== EXERCISE MATERIALS ==

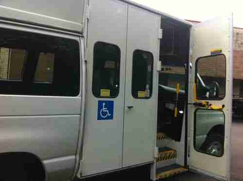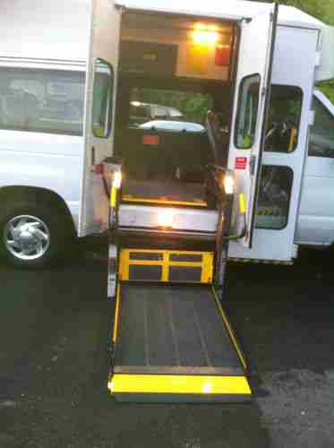 2008 Ford E-350 Super Duty Wheelchair Van, non-dully, 178K miles. It has 4 speed automatic transmission with OD V8 5.4L Gas engine 255 HP. It is in very good condition. IT HAS DUAL AIR AND HEAT AND A V8 THAT RUNS EXCELLENT. THE BUS HAS VINYL INTERIOR AND RUBBER FLOOR. IT HAS ANTILOCK BRAKES, A/C blows cold air, very clean gray interior, tire pressure monitoring. Wheelchair lift works perfect no issues. It has never been in accident, no leaks anywhere, few dents, clean title. Comes Equipped with rear A/C/Heater unit.
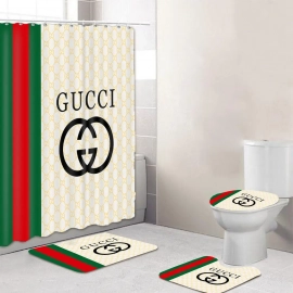 gc1 Golden Logo In Brown Monogram Background Bath Rug Set and Shower Curtain HG With Bath Rug Set and Shower Curtain HG
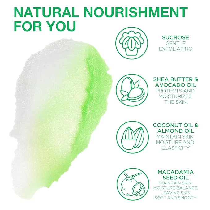 - NATURAL NOURISHMENT: Our Coconut Body Scrub is enriched with natural nutrients such as Shea Butter, Coconut Oil and Vitamin E, which can effectively penetrate the skin, remove impurities, deeply nourish, leaving skin burden-free, soft, smooth and youthful.
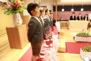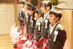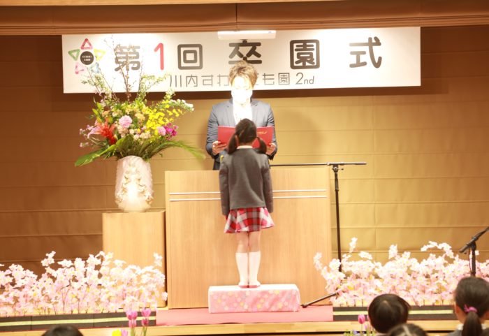 卒園する子ども達は、担任の先生から名前を呼ばれると、大きな声で返事をし、一人ひとり園長先生から卒園証書を頂く姿は、本当に立派で感動しました。
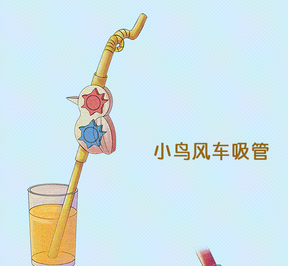 除了常規(guī)的風(fēng)車(chē)吸管之外,我們還有小鳥(niǎo)造型的風(fēng)車(chē)吸管哦,在喝水的同時(shí),你還能看到小鳥(niǎo)里的齒輪在水花里不停飛轉(zhuǎn),帶你體會(huì)喝水的樂(lè)趣!
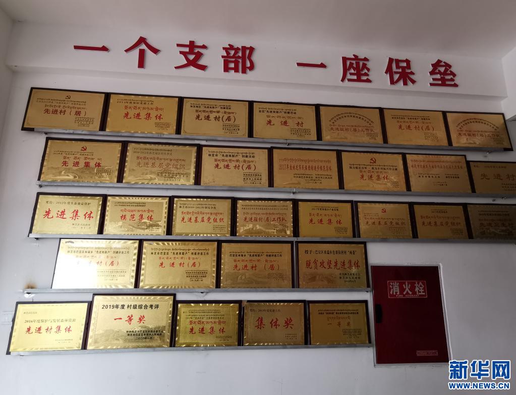 色果拉村村黨支部的榮譽墻(2020年5月12日攝)。新華社記者 薛文獻 攝
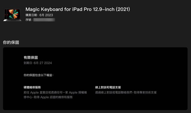 AppleCare+ 做更換,領取時 Apple Store 會回收包裝,所以盒子與鍵盤序號不同
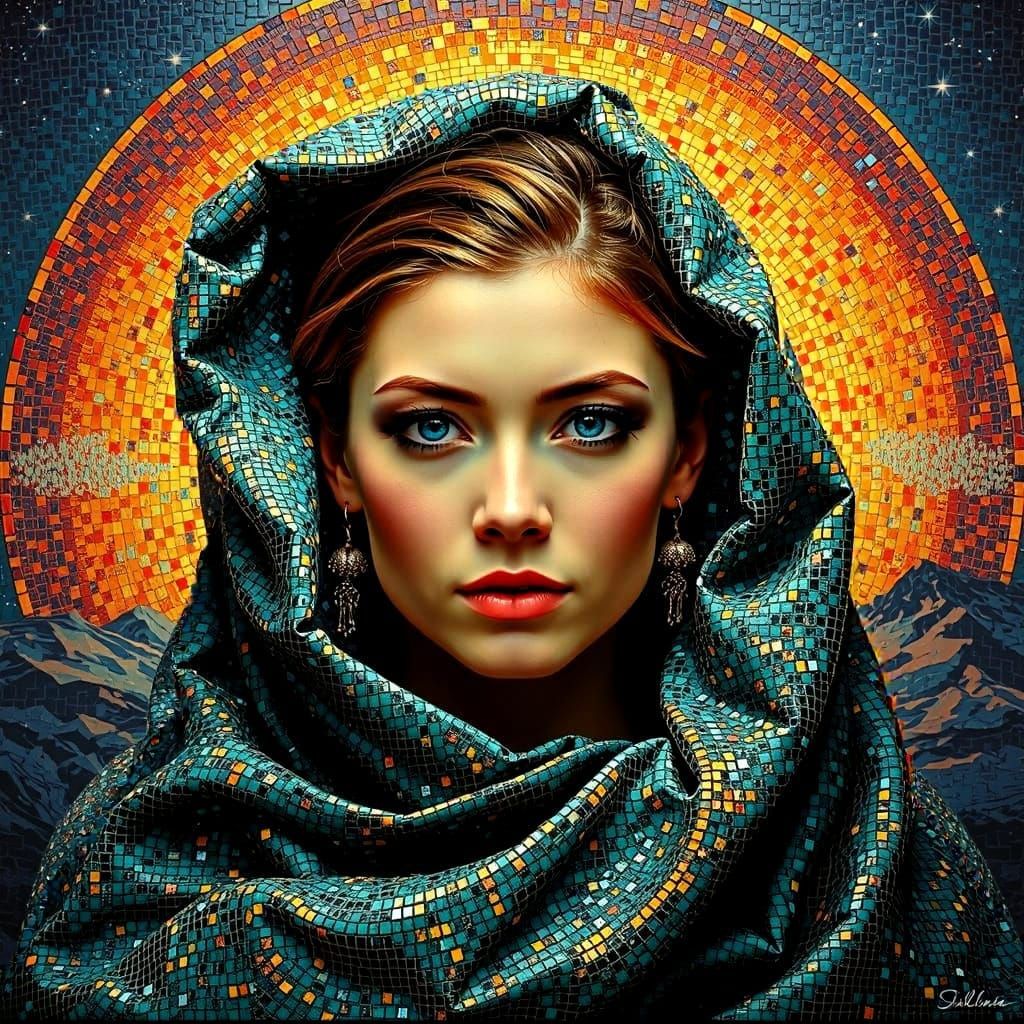 A mosaic artwork of a woman with iridescent colors rippling across her skin. The colorful tiles create a stunning visual effect against a starry night sky in a maximalist style.

===

Repeat the data exactly, excluding the pictures.

=== RESPONSE FOR THIS EXERCISE ===
 2008 Ford E-350 Super Duty Wheelchair Van, non-dully, 178K miles. It has 4 speed automatic transmission with OD V8 5.4L Gas engine 255 HP. It is in very good condition. IT HAS DUAL AIR AND HEAT AND A V8 THAT RUNS EXCELLENT. THE BUS HAS VINYL INTERIOR AND RUBBER FLOOR. IT HAS ANTILOCK BRAKES, A/C blows cold air, very clean gray interior, tire pressure monitoring. Wheelchair lift works perfect no issues. It has never been in accident, no leaks anywhere, few dents, clean title. Comes Equipped with rear A/C/Heater unit.
 gc1 Golden Logo In Brown Monogram Background Bath Rug Set and Shower Curtain HG With Bath Rug Set and Shower Curtain HG
 - NATURAL NOURISHMENT: Our Coconut Body Scrub is enriched with natural nutrients such as Shea Butter, Coconut Oil and Vitamin E, which can effectively penetrate the skin, remove impurities, deeply nourish, leaving skin burden-free, soft, smooth and youthful.
 卒園する子ども達は、担任の先生から名前を呼ばれると、大きな声で返事をし、一人ひとり園長先生から卒園証書を頂く姿は、本当に立派で感動しました。
 除了常規(guī)的風(fēng)車(chē)吸管之外,我們還有小鳥(niǎo)造型的風(fēng)車(chē)吸管哦,在喝水的同時(shí),你還能看到小鳥(niǎo)里的齒輪在水花里不停飛轉(zhuǎn),帶你體會(huì)喝水的樂(lè)趣!
 色果拉村村黨支部的榮譽墻(2020年5月12日攝)。新華社記者 薛文獻 攝
 AppleCare+ 做更換,領取時 Apple Store 會回收包裝,所以盒子與鍵盤序號不同
 A mosaic artwork of a woman with iridescent colors rippling across her skin. The colorful tiles create a stunning visual effect against a starry night sky in a maximalist style.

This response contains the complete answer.